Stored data
=======

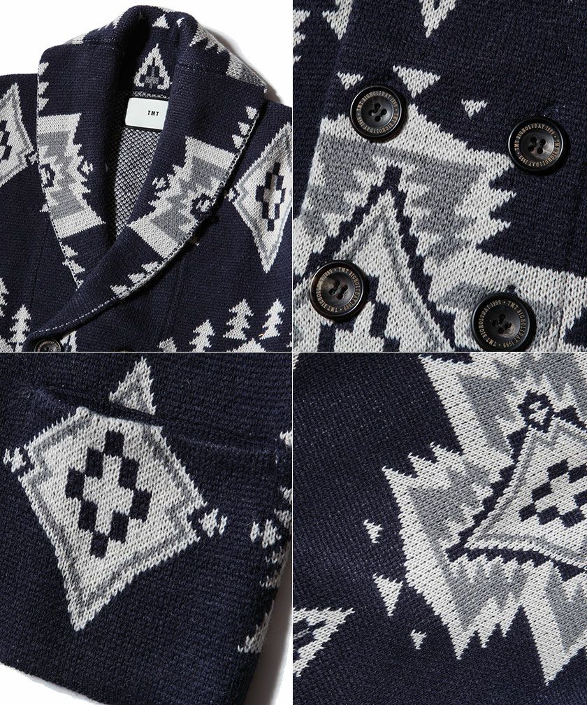 他の画像を見る 送料無料 SALE ビターなカジュアルスタイルにぴったりなカーディガン。季節の変わり目に大活躍! 【SALE/セール】【送料無料】TMT(ティーエムティー)NATIVE JACQUARD KNIT W-BREASTE CARDIGAN/全2色 通常価格 ¥ 28,600 のところ 販売価格 ¥ 14,300 税込 カートに入れる お気に入りに登録する
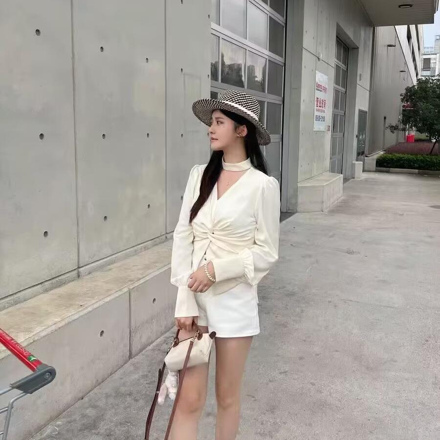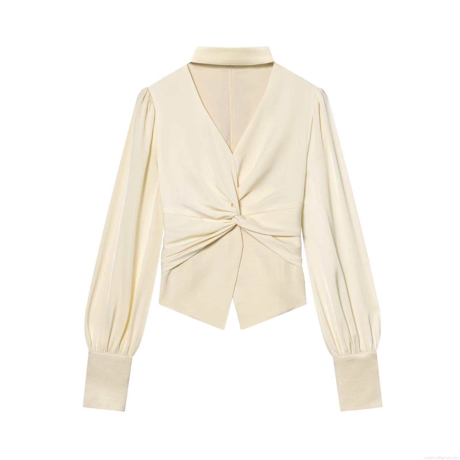 • Women's Elegant Satin Blouse Sexy V-Neck Twist Knot Front Long Puff Sleeve Shirt For Office Commute Party Ruched Wrap Top
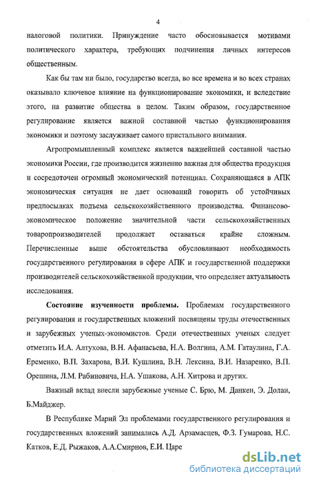 Состояние изученности проблемы. Проблемам государственного регулирования и государственных вложений посвящены труды отечественных и зарубежных ученых-экономистов. Среди отечественных ученых следует отметить И.А. Алтухова, В.Н. Афанасьева, Н.А. Волгина, A.M. Гатаулина, Г.А. Еременко, В.П. Захарова, В.И. Кушлина, В.Н. Лексина, В.И. Назаренко, В.П. Орешина, Л.М. Рабиновича, Н.А. Ушакова, А.Н. Хитрова и других.
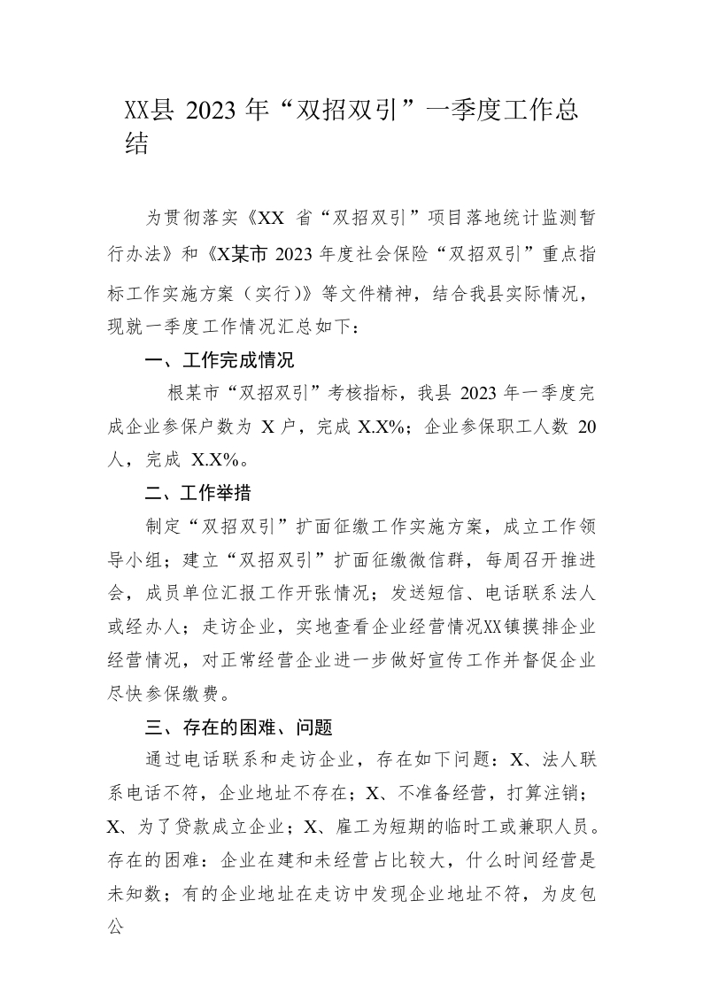 / 县2023年“双招双引”一季度工作总结(20230526)
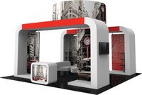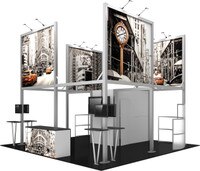 20' Exhibit Booth (Kit), Includes Graphics, 2 Counters, 4 Monitor Brackets, Locked Storage
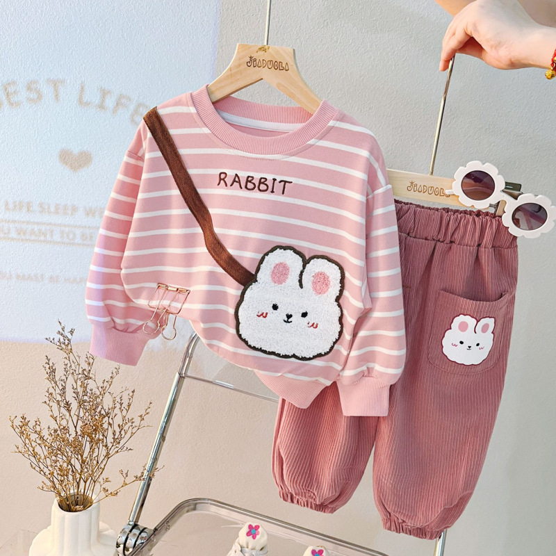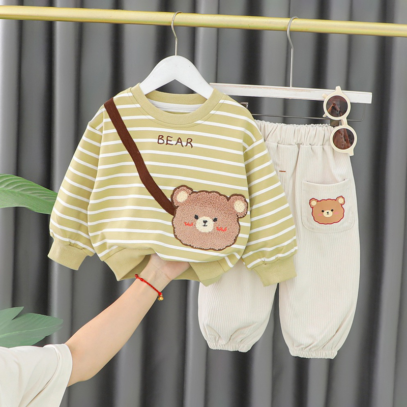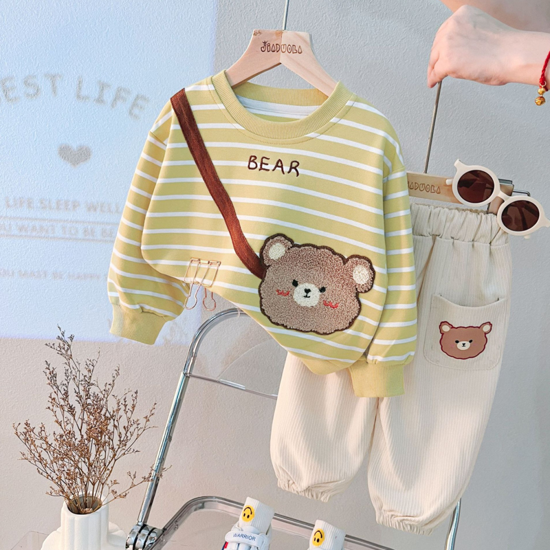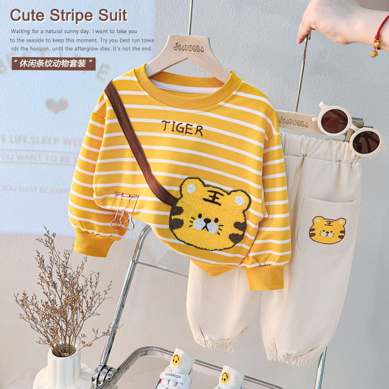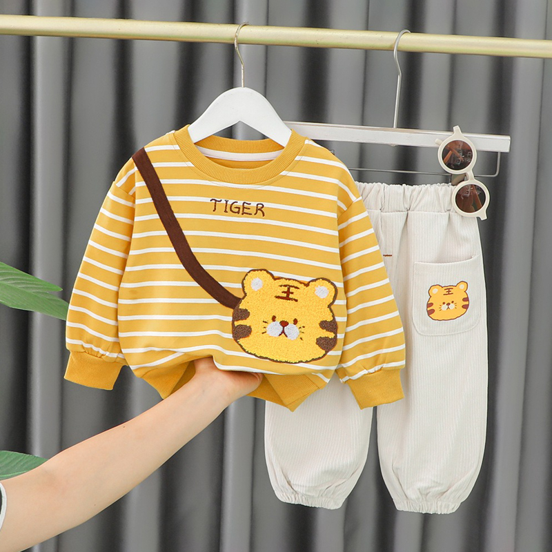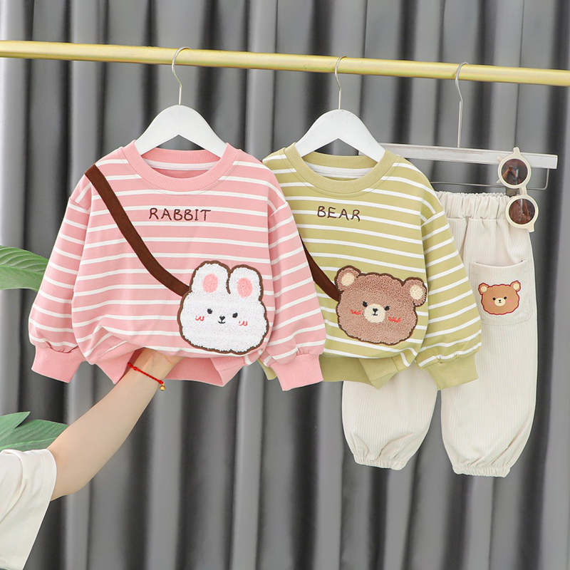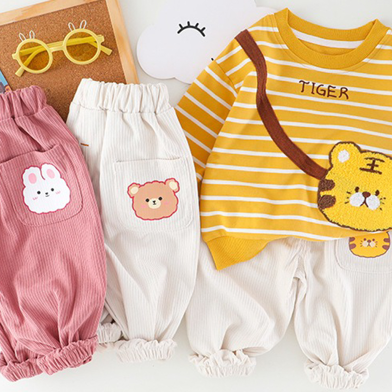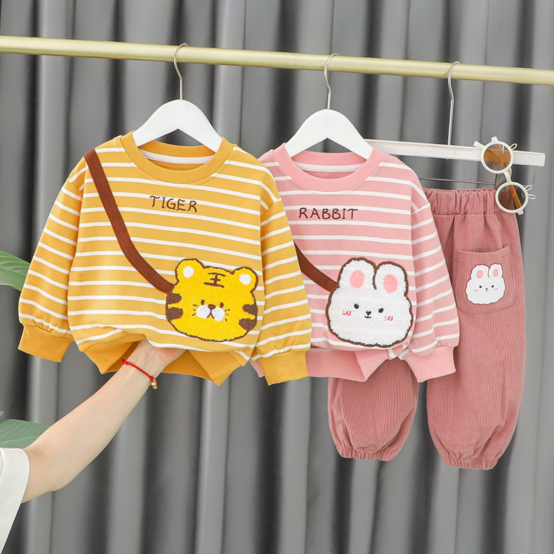 【BE198】假包包小老虎兔兔熊熊長袖長褲套裝 (3色)
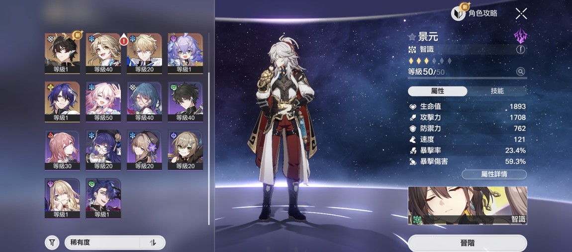 【女、37等、7金角、0金專】沒時間玩,便宜賣(1魂彥卿、景元、羅剎、5星丹恒、真理醫生、白露、傑帕德)
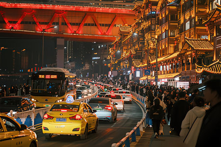 Urban landscape features busy streets filled with vehicles and vibrant city lights showing the evening activity and tall buildings surrounding the area
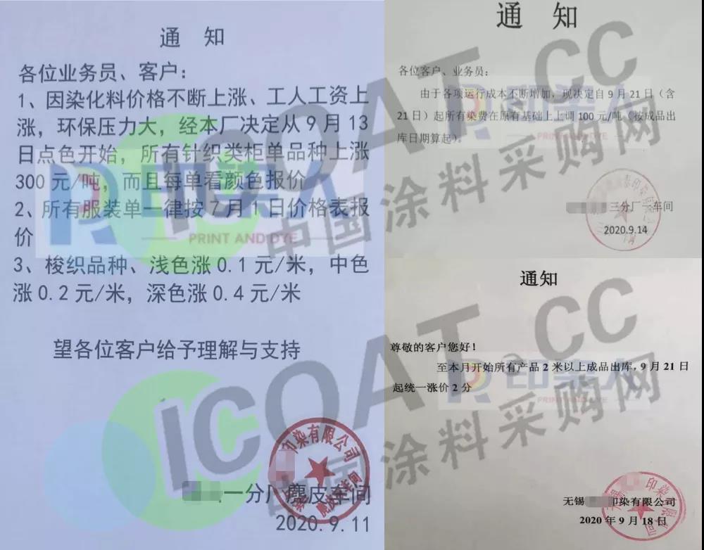 9月以來,印染行業(yè)上游,染料供應(yīng)商傳出染料價格進行上漲調(diào)整。從分散染料到活性染料,大有一番上漲趨勢。染費在原有基礎(chǔ)上上調(diào)100元/噸;針織類柜單品種上漲300元/噸。
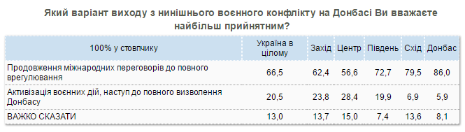 При этом за активизацию военных действий выступают 20,5% опрошенных. Еще 13% не определились со своей позицией.

=======

Task goal:
Would you write out every record word for word, leaving no picture in?

Solution for this task:
 他の画像を見る 送料無料 SALE ビターなカジュアルスタイルにぴったりなカーディガン。季節の変わり目に大活躍! 【SALE/セール】【送料無料】TMT(ティーエムティー)NATIVE JACQUARD KNIT W-BREASTE CARDIGAN/全2色 通常価格 ¥ 28,600 のところ 販売価格 ¥ 14,300 税込 カートに入れる お気に入りに登録する
 • Women's Elegant Satin Blouse Sexy V-Neck Twist Knot Front Long Puff Sleeve Shirt For Office Commute Party Ruched Wrap Top
 Состояние изученности проблемы. Проблемам государственного регулирования и государственных вложений посвящены труды отечественных и зарубежных ученых-экономистов. Среди отечественных ученых следует отметить И.А. Алтухова, В.Н. Афанасьева, Н.А. Волгина, A.M. Гатаулина, Г.А. Еременко, В.П. Захарова, В.И. Кушлина, В.Н. Лексина, В.И. Назаренко, В.П. Орешина, Л.М. Рабиновича, Н.А. Ушакова, А.Н. Хитрова и других.
 / 县2023年“双招双引”一季度工作总结(20230526)
 20' Exhibit Booth (Kit), Includes Graphics, 2 Counters, 4 Monitor Brackets, Locked Storage
 【BE198】假包包小老虎兔兔熊熊長袖長褲套裝 (3色)
 【女、37等、7金角、0金專】沒時間玩,便宜賣(1魂彥卿、景元、羅剎、5星丹恒、真理醫生、白露、傑帕德)
 Urban landscape features busy streets filled with vehicles and vibrant city lights showing the evening activity and tall buildings surrounding the area
 9月以來,印染行業(yè)上游,染料供應(yīng)商傳出染料價格進行上漲調(diào)整。從分散染料到活性染料,大有一番上漲趨勢。染費在原有基礎(chǔ)上上調(diào)100元/噸;針織類柜單品種上漲300元/噸。
 При этом за активизацию военных действий выступают 20,5% опрошенных. Еще 13% не определились со своей позицией.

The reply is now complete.